One great example comes from Tesla, the high-end electric vehicle company. 29,000 Teslas were recalled by the National Highway Traffic Safety Administration for a software update in January 2014. Instead of having to arrange for nearly 30 thousand Teslas to get updated in a mechanic shop, Tesla issued an “over-the-air software update” that fixed the issue. Wired Magazine called this “the best example yet of the Internet of Things.”
4. Service & Support: Warranty Cost Management
If a company is able to continually monitor product usage, it can actually identify and prevent potential warranty compliance issues. Additionally, connected M2M devices can automatically notify operators when compliance issues occur, so the company can alert customers and help them avoid potential product failures.
Let’s look at an organization that manufactures swimming pool equipment, including water pumps. Say the pump is designed to operate with only a 10% duty cycle, but a customer is operating the pumps at 50% duty cycle.
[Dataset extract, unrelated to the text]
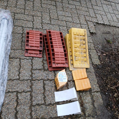 2 stk Stopklodser i metal til bil,trailer eller campingvogn, kan klappes sammen så de intet fylder , kan hentes i Risskov eller sendes sælges billigt
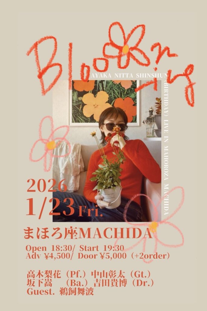 新田絢加(vo), 鵜飼舞波(guest vo), 高木梨花(p), 中山彰太(gt), 坂下嵩(ba), 吉田貴博(dr)

If the pump is IoT-enabled, the organization can warn the consumer that they’re using it the pump too often, and then explain (perhaps through an automated email) that it’s not designed to be used that way. By expressing that using the pump at 50% duty cycle instead of 10% could constitute in a voided warranty, the company may be able to get the user to become compliant before there is a failure.
5. Informational & Operational Technology: Automated Analytics & Actions
This may be the area with the most opportunity for M2M applications. Automated analytics allow systems to establish rules, business logic, and algorithms in near real-time. These functions can analyze and correlate all of a company’s unstructured transactional and sensor data to further optimize its business processes.
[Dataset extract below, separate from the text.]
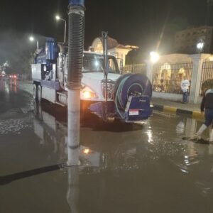 واصلت فرق التشغيل والطوارئ بشركة مياه الشرب والصرف الصحي بشمال وجنوب سيناء أعمال رفع تجمعات مياه الأمطار التي شهدتها بعض مدن جنوب سيناء ، عقب الهطول المفاجئ على عدد من الشوارع والطرق.

For example, by analyzing the data of power outages after storms, a large power company may be able to position field service technicians in the optimized locations during and after major storms. By doing this, the power company can help decreases outage times for the customer, which increases the value of the company itself and its profitability.
6. Direct-To-Customer Engagements: Customer Self Service
If devices are connected, businesses can allow customers to more quickly diagnose issues and resolve issues themselves based on the data that the organization gathers from the product. This is a disruption of the customer service market, and we believe it’s going to make waves.
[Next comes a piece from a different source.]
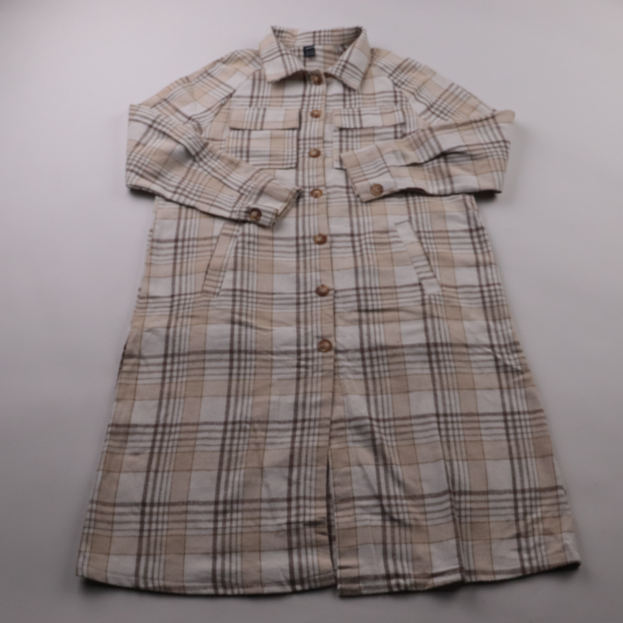 Рубашка-туника Shein в бежевую клетку, на пуговицах, с длинным рукавом и накладными карманами. Подойдёт для повседневных образов в межсезонье — можно носить как рубашку или как лёгкую накидку. Практична тем, что легко сочетается с джинсами и однотонным...

Take a connected vacuum cleaner, for example. A manufacturer can add sensors throughout the vacuum. Once it senses that there is a problem area—for example, low suction—it can send that data in an email to the customer,warning them that their vacuum isn’t operating correctly. It could even go so far as to coach them through the troubleshooting steps based on the data. So instead of a customer having to parse through the user guide and figure out what the problem is, the vacuum can simply tell them, and then guide the user toward the right solution. While this is extremely helpful for the customer, it also helps the vacuum company save money by preventing any personnel from getting involved directly with the customer.
Connected devices will revolutionize how we think about focus areas for all businesses. The first step toward this goal will be for the conversation to shift away from simple consumer-based use cases and instead focus more on business process optimization and value delivery. There is real hard dollar return on investment to be had, and these aforementioned examples are just a sample of the opportunity for IoT and M2M applications.